И я нагнулся прочитать адрес:
«Уильяму Кримсворту, эсквайру,
№ ***, *** Ст., Брюссель».
Я был немало озадачен и, заключив, что лучший способ что-либо выяснить — заглянуть внутрь, быстро перерезал веревки и вскрыл посылку.
Содержимое ящика было завернуто в зеленое сукно, аккуратно зашитое по краям; я подпорол перочинным ножичком шов, и, когда он чуть разошелся, через щелку блеснула позолота. Когда наконец доски и сукно были отброшены в сторону, в руках я держал большую картину в роскошной раме; прислонив ее к креслу так, чтобы она получше освещалась из окна, я отступил на несколько шагов и надел очки.
Небо на картине, затянутое тучами, грозное и мрачное, и деревья в отдалении, написанные в насыщенных темных тонах, делали особенно рельефным бледное и печальное женское лицо, оттененное мягкими темными волосами, почти сливающимися со столь же темными тучами фона. Глубокие, внимательные глаза смотрели на меня с задумчивостью и грустью; нежная щека покоилась на маленькой изящной ладони; шаль, уложенная искусной драпировкой на плечах, полуприкрывала тонкую фигурку.
Сторонний наблюдатель — окажись он в тот момент в моей комнате — услышал бы, как после добрых десяти минут безмолвного и пристального рассматривания картины я воскликнул: «Мама!». Вполне возможно, что сказал бы я и больше, однако первое слово, произнесенное довольно громко наедине с собой, мгновенно отрезвило меня, будто напомнив, что только помешанные беседуют сами с собой, — и тогда, вместо того чтобы проговорить свой монолог вслух, я изложил его мысленно.

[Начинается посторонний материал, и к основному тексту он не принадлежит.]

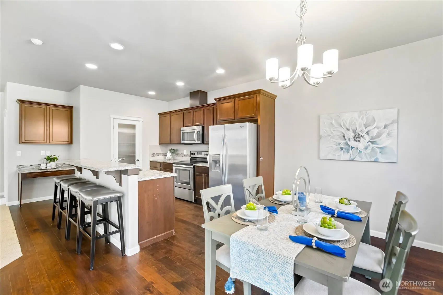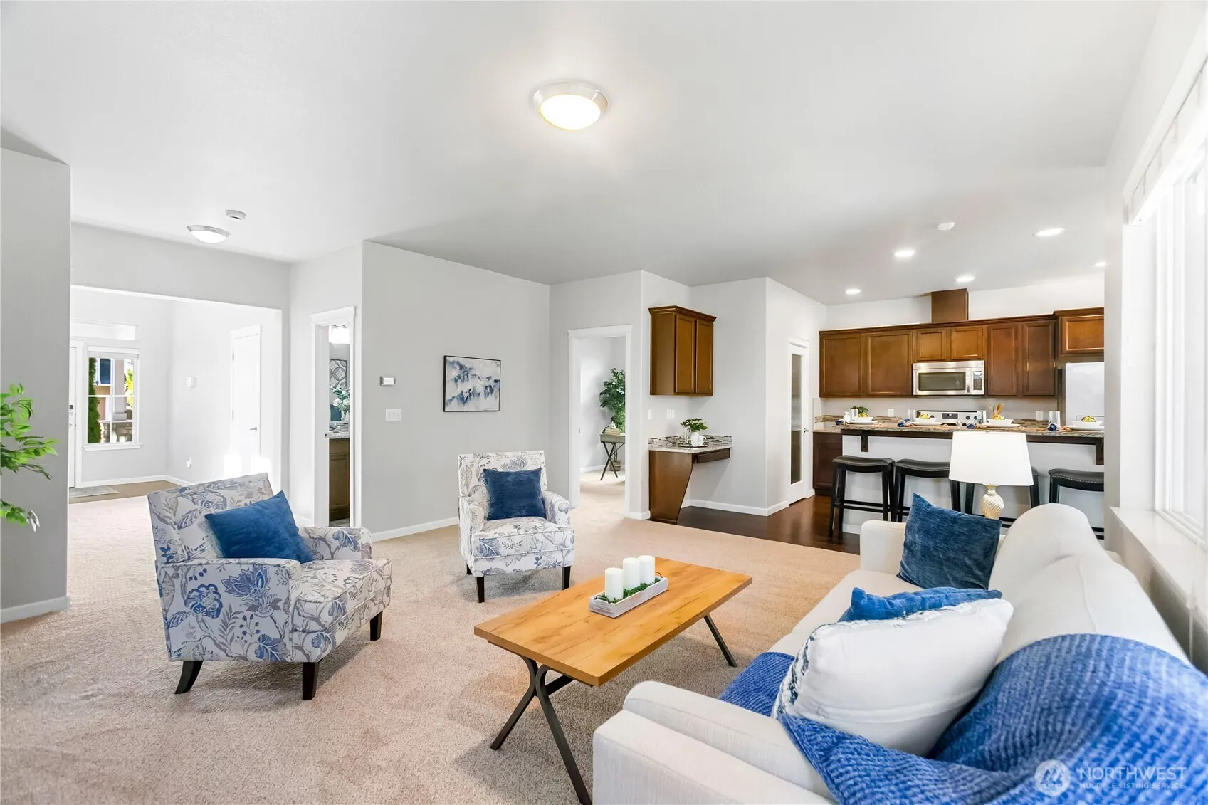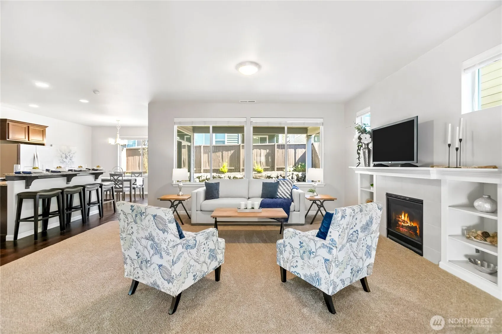Welcome to the highly sought-after Freestone at Bayside! This beautifully maintained 4-bedroom home shines with brand-new carpets and an impressive vaulted entry that floods the space with natural light. The functional open floor plan is anchored by a cozy gas fireplace with elegant custom built-ins, perfect for gatherings. A versatile main-level den offers the ideal setup for a home office or guest space. Upstairs, discover a flexible loft and a spacious primary suite featuring a large walk-in closet and en-suite bath. Modern essentials include a tankless water heater and a dedicated laundry room. Step outside to your private, fully fenced yard and covered patio—perfect for year-round entertaining. Conveniently located near local parks, golf, highways, and easy commuting routes to nearby bases and ferries.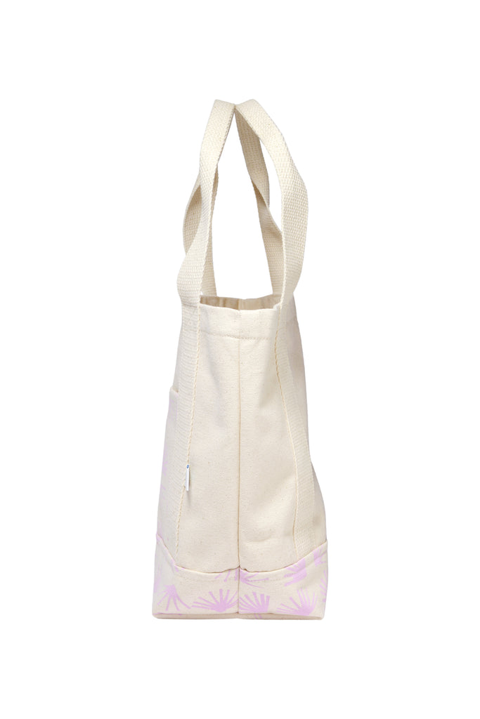 Sized at 12.5" wide by 11" tall with a 6" gusset and a 7.5" handle drop, this mini tote bag fits just right—never bulky, always ready. Made from 100% cotton canvas, it features a hand painted dot pattern that's screenprinted in coral.

Размышлял я довольно долго, все это время поглощенный мягкостью, чистотой и — увы! — несказанной грустью милых серых глаз матери, силой духа, запечатленной на ее челе, и удивительной тонкостью, чувствительностью, столь осязаемыми в строгом очертании рта.
Наконец оторвавшись от ее лица, я наткнулся взглядом на небольшой листок бумаги, вставленный в угол картины между рамой и холстом, и только теперь я вопросил себя: «Кто ж прислал мне картину? Кто мог это сделать? Кто, вспомнив обо мне, спас ее из катастрофы Кримсворт-Холла и теперь передает законному владельцу?»
Я взял в руки листок и прочел следующее:
«Есть некая странная и глупая забава в том, чтобы преподнести ребенку сласти, дураку — бубенчики, а собаке — кость. За доброту свою ты вознагражден тем, что лицезришь, как ребенок перепачкивает себе конфетами всю физиономию, как дурак в радостном исступлении делается дурнее обычного, а добродушная псина обнаруживает свою собачью природу в неистовом терзании кости. Даруя Уильяму Кримсворту портрет его матери, я тем самым вручаю ему одновременно и сласти, и бубенчики, и кость. Огорчительно только, что не приведется мне наблюдать произведенного этим подарком эффекта, — я бы, пожалуй, добавил пять шиллингов к своей цене, если б на аукционе мне посулили такое удовольствие.
Х.Й.Х.
P.S. Минувшим вечером Вы решительно отказались хотя б на пункт удлинить свой счет. Не находите ли Вы, что я все ж таки устроил Вам сию неприятность?»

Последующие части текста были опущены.